Mum really enjoyed her food, the transfers from sitting room to dining room were wobbly but manageable, the grandchildren opened her presents, held them up for her to see and put them away again once it was established that no response was forthcoming. There were animated episodes but no obvious trigger for any of them; baby Hugo was gorgeous; smiling and cooing in the way of six month olds but Mum was no more smitten with him than she was with the raspberries for pudding. There were a few words (mainly ‘yes’ in response to no actual question being posed) and some smiles and laughter but these appeared to have no bearing or relevance to what was going on around her. I like to think that perhaps the general happy bustle of the day was filtering into her subconscious and making its presence felt in a delayed fashion, so although we lost the direct correlation between cause and effect, i.e. baby smiles and immediately mum responds with pleasure, instead we had baby smiles, children laugh, food tastes nice, and eventually a memory of all these things converge into a feeling of well-being. Which is just as good, really.

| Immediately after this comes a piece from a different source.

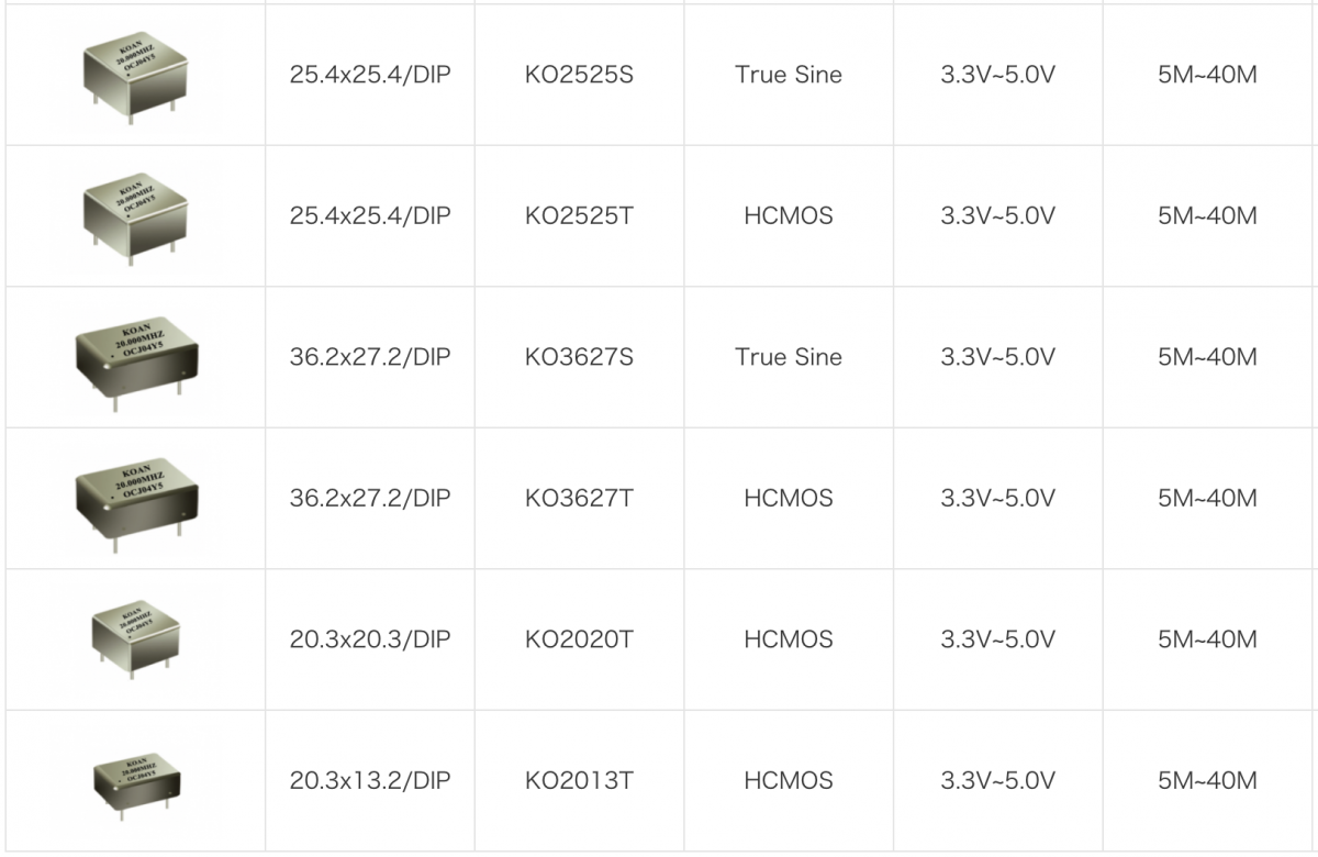 KOAN目前提供以下尺寸的恒溫晶振:
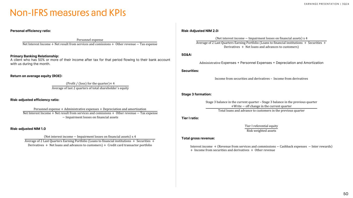E A R N I N G S P R E S E N T A T I O N | 3 Q 2 4 50 Non-IFRS measures and KPIs Risk-Adjusted NIM 2.0: Net interest income − Impairment losses on Minancial assets x 4 Average of 2 Last Quarters Earning Portfolio (Loans to Minancial institutions + Securities + Derivatives + Net loans and advances to customers) SG&A: Administrative Expenses + Personnel Expenses + Depreciation and Amortization Securities: Income from securities and derivatives – Income from derivatives Stage 3 formation: Stage 3 balance in the current quarter – Stage 3 balance in the previous quarter +Write − off change in the current quarter Total loans and advance to customers in the previous quarter Tier I ratio: Tier I referential equity Risk weighted assets Total gross revenue: Interest income + Revenue from services and commissions − Cashback expenses − Inter rewards + Income from securities and derivatives + Other revenue Personal efficiency ratio: Personnel expense Net Interest Income + Net result from services and comissions + Other revenue − Tax expense Primary Banking Relationship: A client who has 50% or more of their income after tax for that period flowing to their bank account with us during the month. Return on average equity (ROE): (ProMit / (loss) for the quarter)× 4 Average of last 2 quarters of total shareholder`s equity Risk-adjusted efficiency ratio: Personnel expense + Administrative expenses + Depreciation and amortization Net Interest Income + Net result from services and comissions + Other revenue − Tax expense − Impairment losses on Minancial assets Risk-adjusted NIM 1.0 Net interest income − Impairment losses on Minancial assets x 4 Average of 2 Last Quarters Earning Portfolio (Loans to Minancial institutions + Securities + Derivatives + Net loans and advances to customers) + Credit card transactor portfolio

This is likely to be the last Christmas with Mum in this house. I can’t see how it would be possible to limp on in this fashion for another year but there are many times when I’ve been proved wrong with her dementia and she may just pull a Lazarus out of the bag. Dad admitted that bank holidays are the hardest, when the weekly routine goes out of the window and enforced leisure time is thrust upon you, despite the reality that for a carer, there is no leisure time. Hopefully, for him and me and my sister and all the attendant children, husbands and in-laws, it was a good Christmas and will last in the memory for many years to come. As Dad said, when we all left on Boxing day morning; ‘It’s going to feel pretty quiet here all of a sudden.’
Happy new decade to all the carers and all the people with dementia and generally the world XXX
One thought on “Last Christmas (not the Wham! one)”
Yes I have watched other family embers go through this. It is a long drawn out business. All the best to all of you for 2020.